Montana Sen. Jon Tester, the only active farmer in the senate, identified the problem when he said, “I just came off the worst year ever on my farm. We need to do something on climate change. I think we spent $144 billion this year on disasters, and I don’t think that included crop insurance. So we need to do something on climate too.”
Agricultural producers are on the front lines of climate change and are experiencing the impacts now.
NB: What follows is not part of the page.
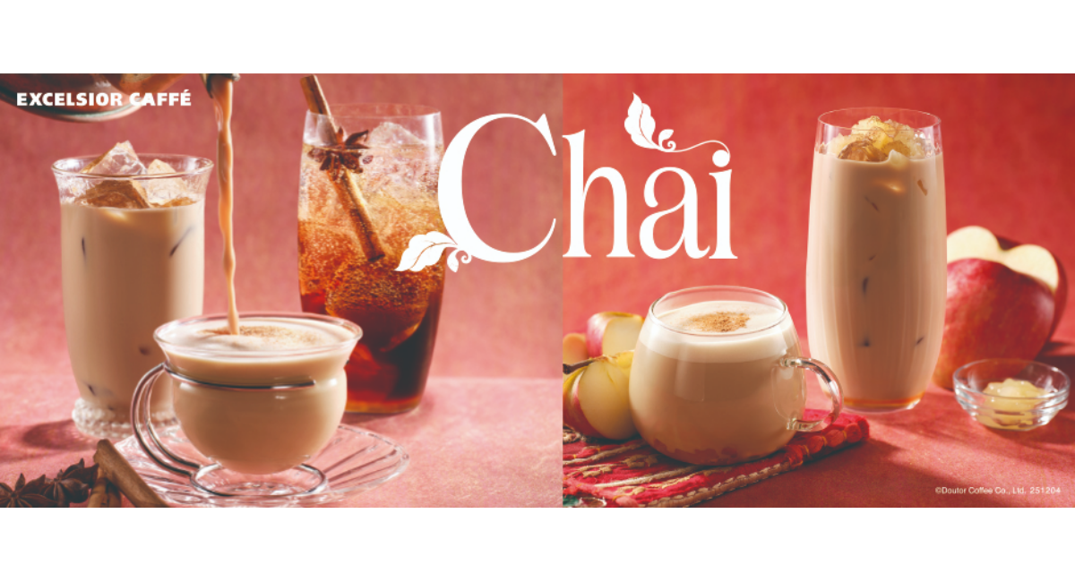株式会社ドトールコーヒー(本社:東京都渋谷区/代表取締役社長:星野 正則)は、エクセルシオール カフェにおいて、2025年12月4日(木)に冬のおすすめ新メニューを発売します。 エクセルシオール カフェオリジナルの茶葉を使った「マサラチャイティー」「豆乳マサラチャイティー」が新登場。さらに、アレンジメニュー「アップルマサラチャイティー」と「マサラティーソーダ」も発売します。 また、新作フードメニューは、贅沢感のある食材を使用した「鴨と九条ねぎの豆乳クリームパスタ」や「蟹とトマトのチーズドリア」、彩り鮮やかな「チャバッタサンド グリルチキン&カポナータソース」を、新作スイーツとして、ケーキの新しい食べ方をご提案する「杏のフロマージュタルト~ピンクソルトを添えて~」を発売します。冬のひとときを、エクセルシオール カフェのおすすめメニューとともにお過ごしください。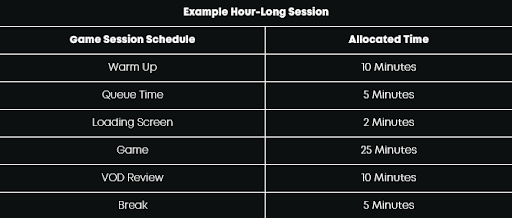 If you have enough time for multiple games in one session while accounting for these necessities, imagine each session as a 'best-of' format. For example, if you have enough time in a session to have three games, pretend it's a best-of-three and act accordingly. If you win the first two games, do not play the third. Instead, use the remaining time to do a VOD review, analyzing what you did well and what you were thinking about when making those decisions while it's still fresh in your mind. If you lose both games, instead, VOD review and analyze what you did well and what you did poorly, considering your thought processes and how you can refine them in the future (to align with your specific and general goals outlined earlier). Finally, play the third game if you win one and lose one!

Mega droughts, fire, floods, and other extreme weather events cost $145 billion in 2021. And that’s before crop insurance payments are accounted for.
More troubling, the total costs for the last five years – $764.9 billion – is more than a third of the combined costs for the last 42 years, according to data collected by the National Oceanic and Atmospheric Administration.
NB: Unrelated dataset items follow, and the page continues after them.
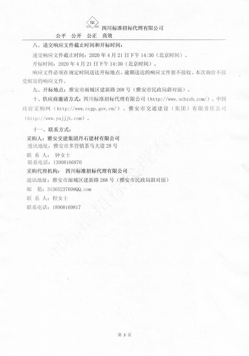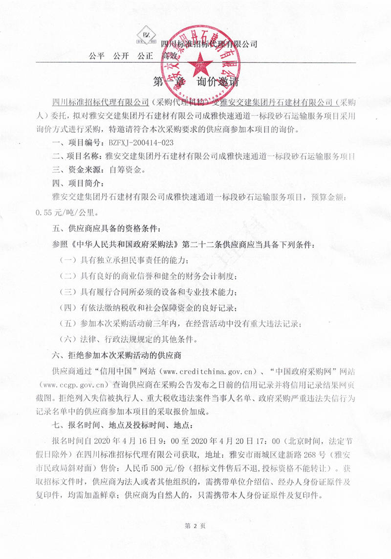 雅安交建集團丹石建材有限公司成雅快速通道一標(biāo)段砂石運輸服務(wù)項目詢價公告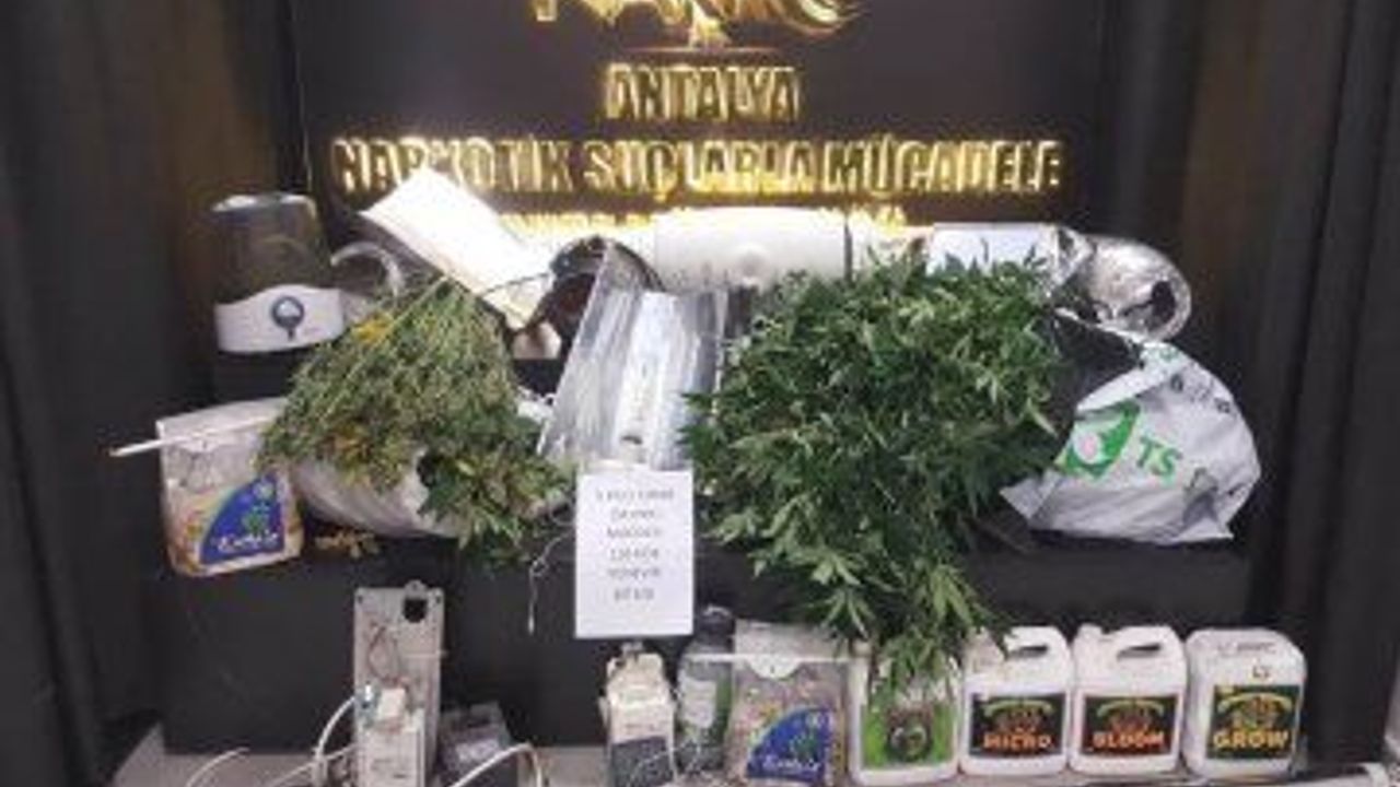 Antalya'da polisin yaptığı uyuşturucu baskınında özel ışıklandırma ve ısıtma - soğutma sistemleriyle uyuşturucu serası haline getirilmiş müstakil evde 110 kök kenevir bitkisi, 5 kilogram skunk (esrar) maddesi ve 1 adet hassas terazi ele geçirildi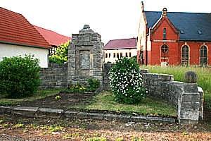 Bösleben, Gemeinde Bösleben-Wüllersleben, Ilm-Kreis, ThüringenPLZ 99310 Vor der Kirche steht dieses Denkmal für Gefallene des 1. Weltkrieges. Die Gedenktafel wurde offensichtlich entfernt. Die das Denkmal flankierenden Kugeln weisen die Jahreszahlen 1914 -1918 auf.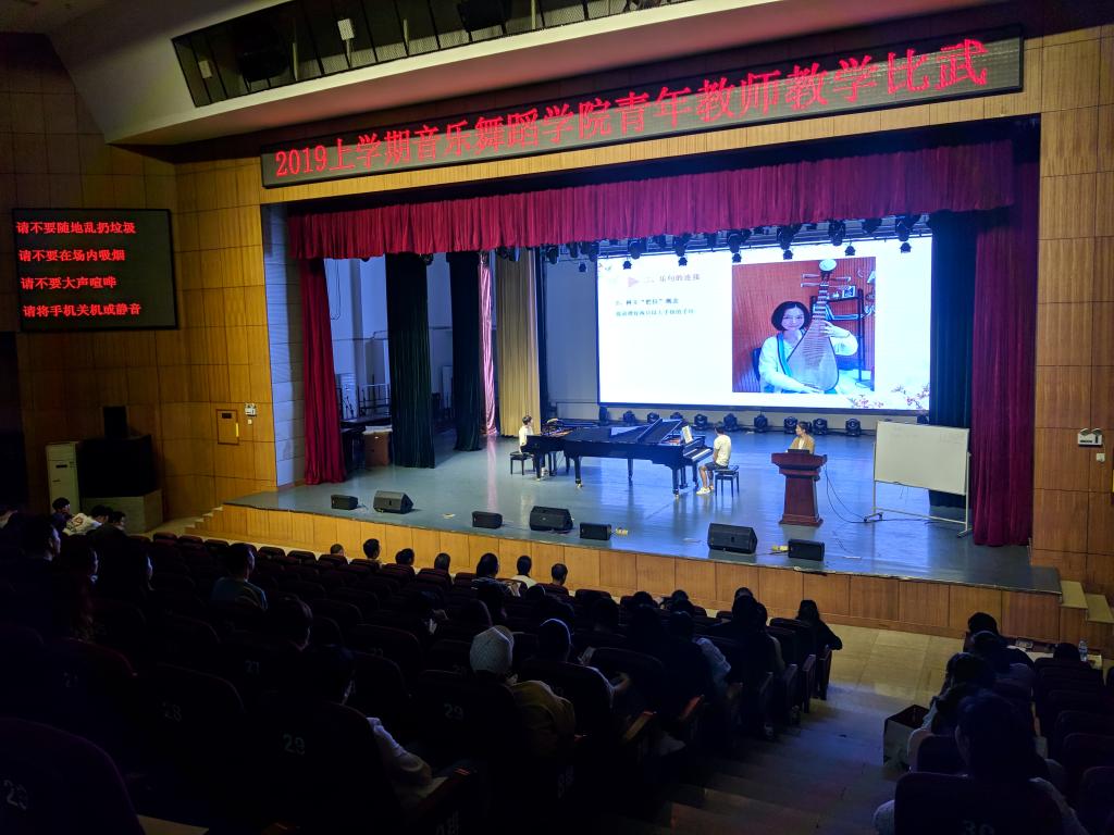 201949下午两点半,为配合学校本年度青年教师教学比武活动以及顺利通过学校审核评估,加强课堂教学管理,提高教师课堂教学水平与能力,音乐舞蹈学院在逸夫楼音乐厅举办了青年教师课堂教学比武。为组织好本次活动,音舞学院邀请学校文科督导组全体督导专家和在院内随机抽选部分职称高、教学能力强和教学经验丰富的教师担任评委,音乐舞蹈学院班子领导和全体专任教师一起现场聆听和观摩的整个教学比武全过程,音舞学院副院长李旭开担任大赛主持。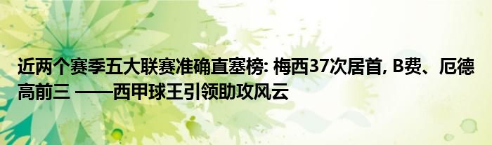 近两个赛季五大联赛准确直塞榜: 梅西37次居首, B费、厄德高前三 ——西甲球王引领助攻风云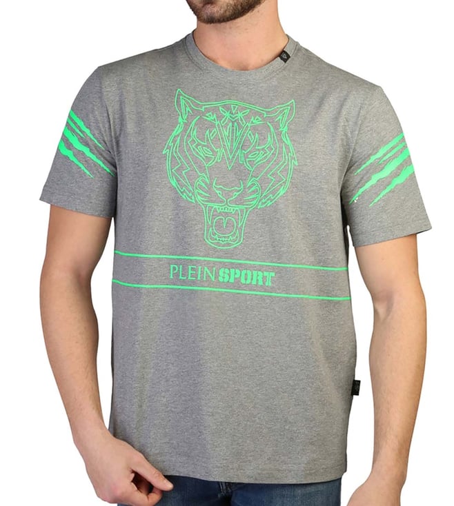 Grey Cotton Printed Regular Fit T-Shirt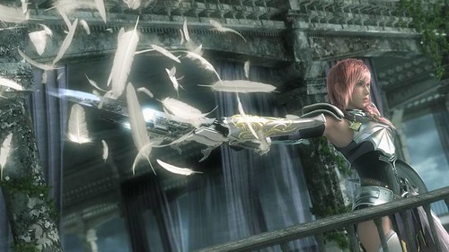 After the recap, we find Lightning kneeling at a throne in a castle while angel feathers fall from nowhere, because nothing says “melodramatic” like angel feathers (and no, they’re not coming from her feathery sash). Then, Lightning feels its necessary to walk out onto the balcony to reveal her new style (and make her sword appear out of feathers).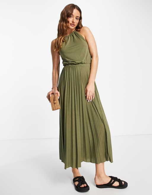 ASOS DESIGN plunge pleated tiered midi dress in sage green ASOS Very well made.
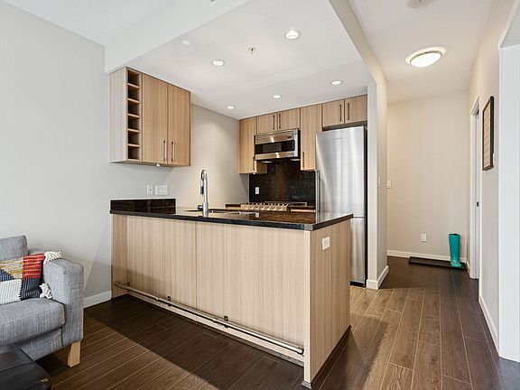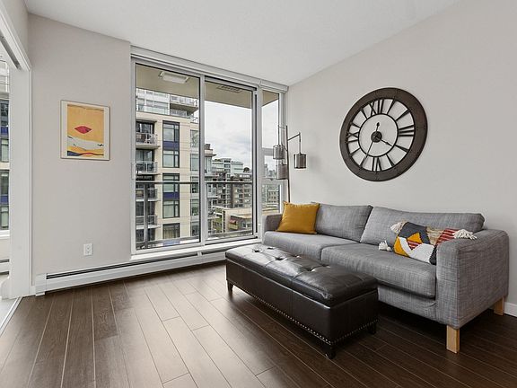 Live in the heart of Olympic Village! This bright 1 bed + den home offers a smart layout with floor-to-ceiling windows, a private balcony, and a generous den that’s perfect for a home office or extra storage. The kitchen features full-sized S/S appliances, stone counters & sleek cabinetry, opening into a light-filled living space. Steps from the Seawall, SkyTrain, shops, breweries & dining, this is the perfect starter home or investment. Includes in-suite laundry, parking, & storage.***Open House Sat, 2-4pm***

One of the tools we can utilize to prevent climate change from becoming significantly worse is to standardize the way large publicly traded companies measure and report their carbon emissions. Those companies can’t manage their climate related financial risks if they don’t estimate and report those emissions.
The Securities and Exchange Commission (SEC) is proposing a climate-related financial risk disclosure rule that will set a level playing field for all large publicly traded companies. It’s designed to help American businesses, including agricultural businesses, adapt their operations and supply chains to a changing climate. Several agribusiness and food companies have already pledged to reduce their emissions, including Archer Daniels Midland, Tyson Foods, General Mills and Molson Coors.